### The data
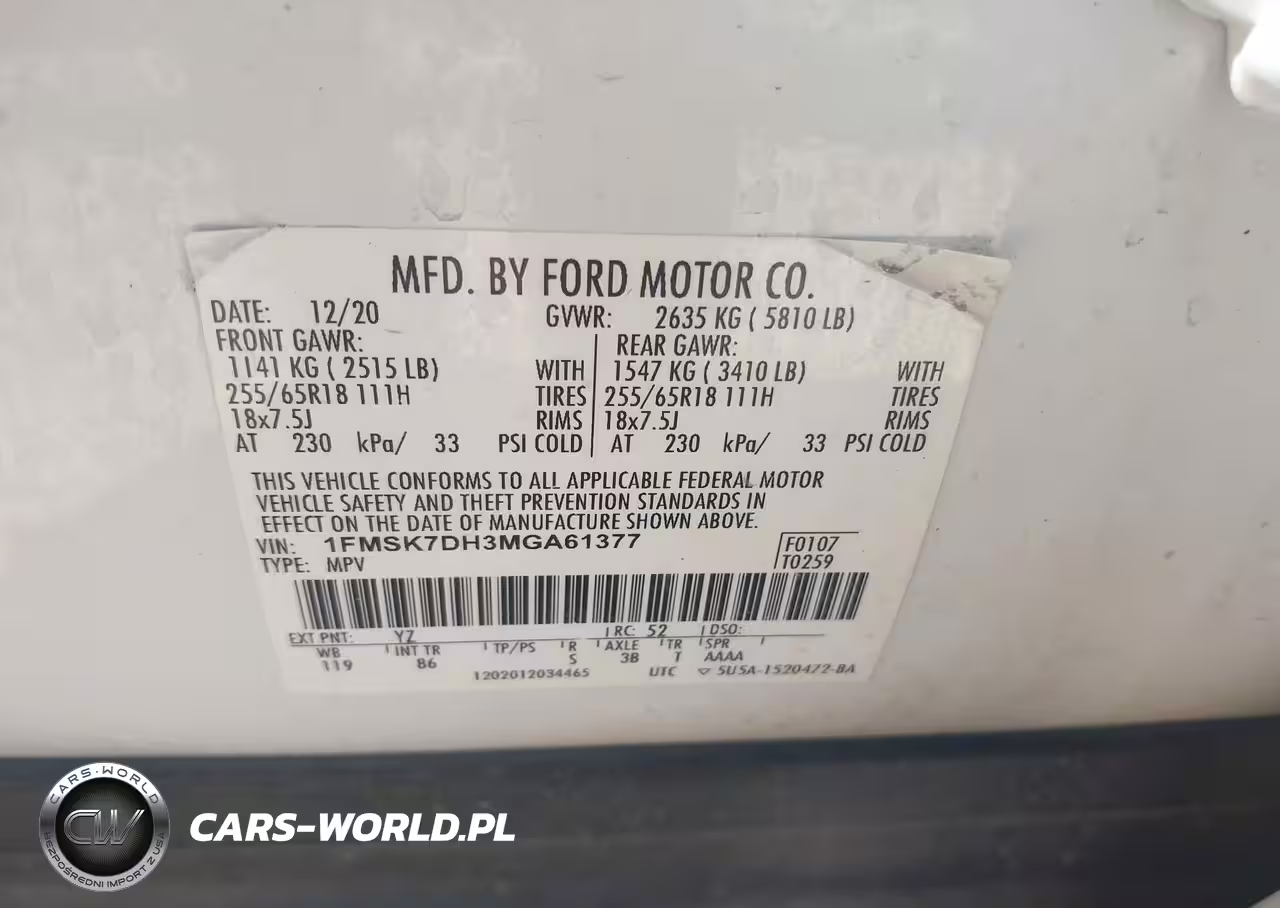 IAAI Nr: I-44357996 VIN: 1FMSK7DH3MGA61377 Port: Houston, TX
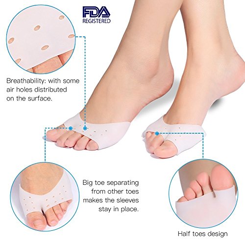 ? EXCELLENT ARTIFICIAL FAT PAD: The super soft gel foot pads help to reduce the pressure on the toes and metatarsal, provide maximum comfort for the sensitive tissue of your foot, and relieve ball of foot pain rapidly and effectively.
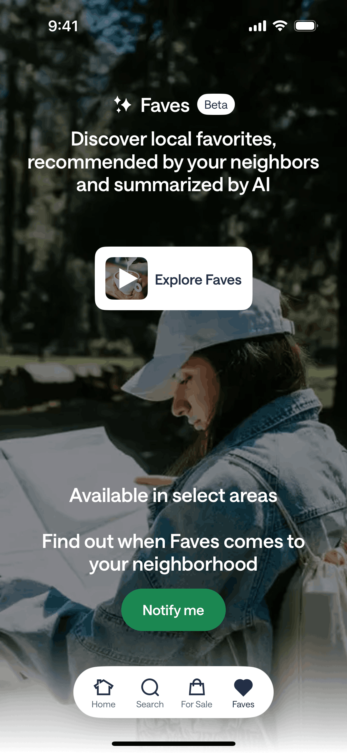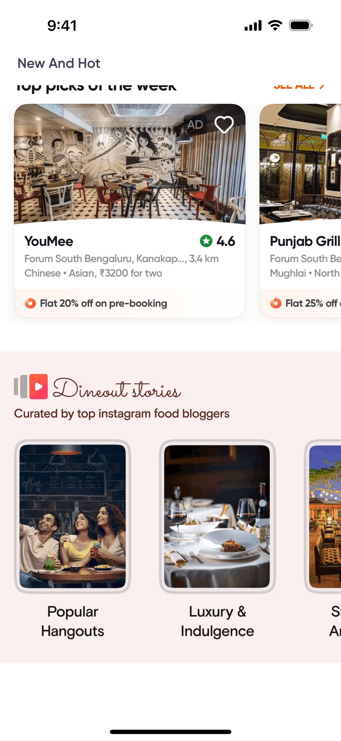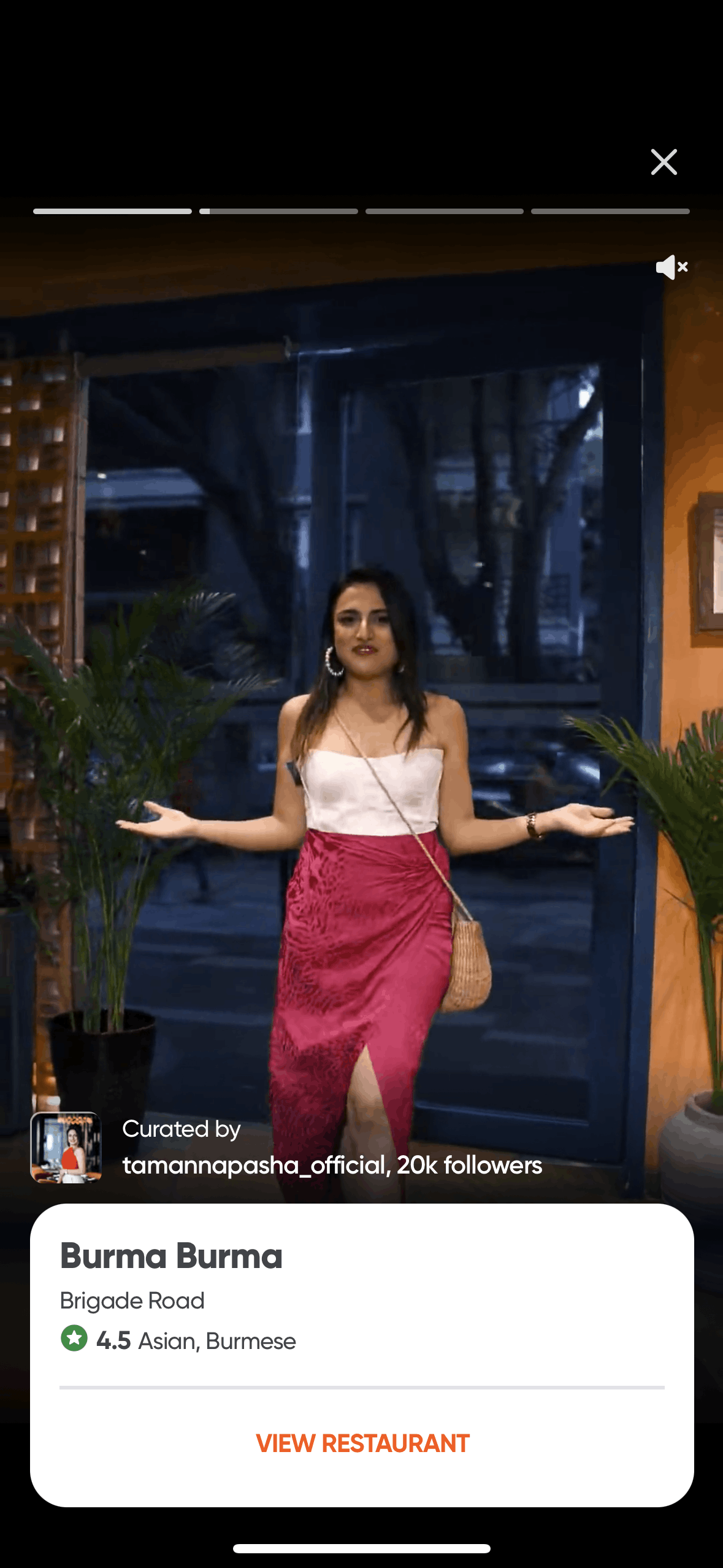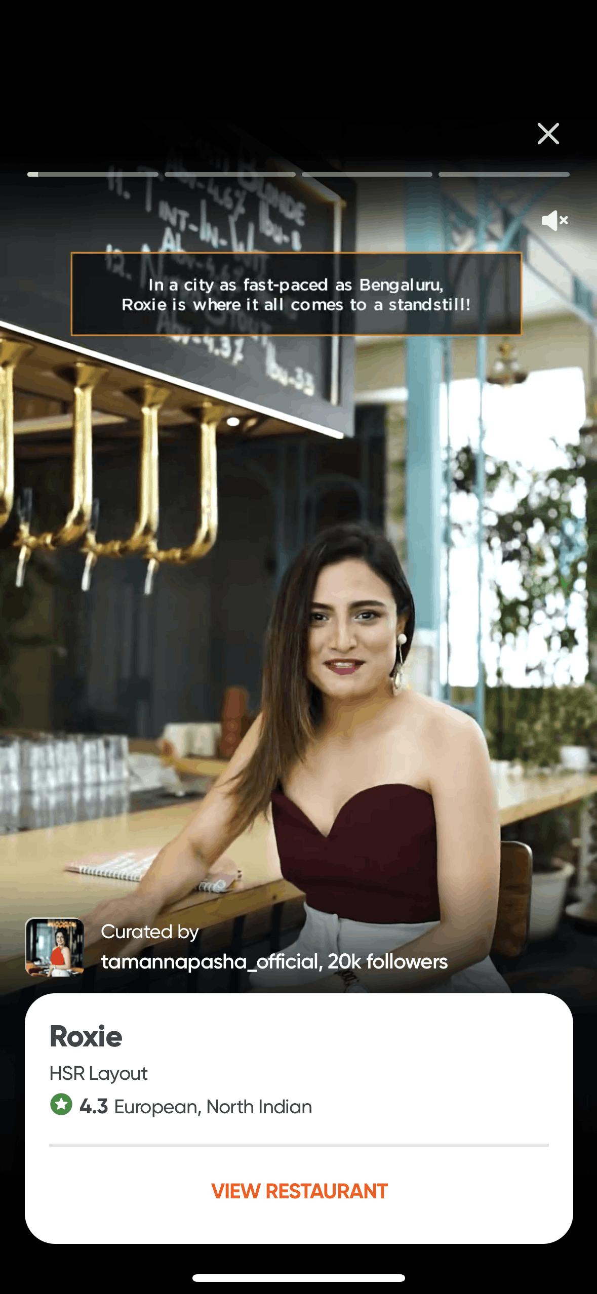 The user explores restaurants through curated stories. Each story features a restaurant with a call to action to view the restaurant.

### Directions
Quote, exactly and only, the lines from the first line of the data above through the line containing "rapidly and effectively.". The pictures do not belong in it.

### Response for this exercise
 IAAI Nr: I-44357996 VIN: 1FMSK7DH3MGA61377 Port: Houston, TX
 ? EXCELLENT ARTIFICIAL FAT PAD: The super soft gel foot pads help to reduce the pressure on the toes and metatarsal, provide maximum comfort for the sensitive tissue of your foot, and relieve ball of foot pain rapidly and effectively.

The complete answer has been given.